September 12, 2013

Why are we so close-minded about homosexuality?

By Rebecca Ryskind Teti *

I am so tired of people who want to pick fights with my faith being unable to cite it accurately.

Last month New Jersey Governor Chris Christie signed a bill banning homosexual conversion therapy for minors. Almost every article covering the story featured Mr. Christie’s Catholicism, as if it were directly relevant to the facts. It isn’t, as the Church has no official stance on conversion therapy.

The Governor injected religion into the story when his office released, in addition to a formal signing statement, an excerpt from an interview he’d given to CNN. In that interview, asked whether homosexuality is a sin, Gov. Christie replies in part: “Well my religion says it’s a sin…. but for me, I’ve always believed that people are born with the predisposition to be homosexual.”

Blaaap! Wrong on both counts.

First, the Church doesn’t consider it a sin to be homosexual. It’s not sinful to be tempted by something. Having feelings of same-sex attraction therefore is not in itself wrong. The Church teaches that acting on those feelings is wrong, just as it teaches all sexual activity outside of faithful man-woman marriage is wrong. All of us, gay or straight, are challenged to live chaste lives.

Nor does the Church have a position on how people come to be homosexual. The Catechism of the Catholic Church number 2357 says “[homosexuality’s] psychological genesis remains largely unexplained.”

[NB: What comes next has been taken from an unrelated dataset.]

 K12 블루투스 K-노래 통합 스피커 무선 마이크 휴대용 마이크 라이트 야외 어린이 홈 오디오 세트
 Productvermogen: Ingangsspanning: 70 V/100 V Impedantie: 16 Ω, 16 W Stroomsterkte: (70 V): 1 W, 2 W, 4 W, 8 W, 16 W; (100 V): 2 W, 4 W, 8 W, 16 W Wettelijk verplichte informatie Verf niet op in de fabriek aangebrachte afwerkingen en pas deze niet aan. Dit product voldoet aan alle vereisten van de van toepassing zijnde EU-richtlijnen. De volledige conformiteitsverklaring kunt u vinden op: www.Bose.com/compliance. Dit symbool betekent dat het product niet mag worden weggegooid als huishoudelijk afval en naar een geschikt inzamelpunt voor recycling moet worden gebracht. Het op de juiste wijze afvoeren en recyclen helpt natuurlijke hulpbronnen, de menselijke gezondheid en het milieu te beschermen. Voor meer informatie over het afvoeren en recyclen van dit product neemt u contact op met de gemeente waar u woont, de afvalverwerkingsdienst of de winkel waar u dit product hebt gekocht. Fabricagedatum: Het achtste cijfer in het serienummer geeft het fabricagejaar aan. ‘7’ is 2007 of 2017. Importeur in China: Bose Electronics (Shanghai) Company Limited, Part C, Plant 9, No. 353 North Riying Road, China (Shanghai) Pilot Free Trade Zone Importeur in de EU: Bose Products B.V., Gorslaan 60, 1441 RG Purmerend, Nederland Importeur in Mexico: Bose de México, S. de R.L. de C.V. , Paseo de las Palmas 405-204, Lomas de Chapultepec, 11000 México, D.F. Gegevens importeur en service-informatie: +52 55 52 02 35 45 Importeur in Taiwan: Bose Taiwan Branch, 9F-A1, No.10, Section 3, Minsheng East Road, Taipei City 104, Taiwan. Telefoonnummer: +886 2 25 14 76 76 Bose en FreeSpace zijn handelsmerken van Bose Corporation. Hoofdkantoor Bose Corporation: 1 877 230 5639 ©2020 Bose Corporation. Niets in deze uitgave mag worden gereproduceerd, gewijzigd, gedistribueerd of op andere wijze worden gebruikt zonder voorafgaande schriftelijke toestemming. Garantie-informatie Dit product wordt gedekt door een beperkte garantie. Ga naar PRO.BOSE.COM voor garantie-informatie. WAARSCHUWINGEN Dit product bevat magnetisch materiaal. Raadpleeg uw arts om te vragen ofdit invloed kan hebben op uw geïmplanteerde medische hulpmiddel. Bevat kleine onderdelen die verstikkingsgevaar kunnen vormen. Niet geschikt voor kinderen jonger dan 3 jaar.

This happens to be exactly what the American Psychological Association thinks. In the same statement the Governor cites to justify his conversion therapy ban we read:

“There is no consensus among scientists about the exact reasons that an individual develops a heterosexual, bisexual, gay, or lesbian orientation. Although much research has examined the possible genetic, hormonal, developmental, social, and cultural influences on sexual orientation, no findings have emerged that permit scientists to conclude that sexual orientation is determined by any particular factor or factors. Many think that nature and nurture both play complex roles….”

In other words, no one knows how same-sex attraction comes to be. Governor Christie may think he does, but he’s relying on…actually I don’t know what, since science doesn’t back him up. If he just means he doesn’t think anyone chooses homosexual feelings, he’s on the same page with the Church. In number 2358 the Catechism says most people experience same-sex feelings as “a trial” rather than something freely chosen.

Can we leave the Church out of it then, since the Governor’s flat wrong about what it teaches?

As thinking people we might nevertheless ask why, if neither he nor the APA knows how or when homosexuality develops, they can be so adamant in insisting conversion therapy can never work? Since the APA’s own statement shows that our psychological understanding of homosexuality is in its infancy, it seems close-minded and anti-intellectual to shut down an entire line of academic and medical inquiry.

Which brings me to another thing I’m tired of: assuming that all homosexuals think alike and can be represented by one point of view. You rarely hear, for example, about the Courage chapters all over the country, or from the growing number of men and women who are “out” about their same-sex attraction but take joy in Christian discipleship.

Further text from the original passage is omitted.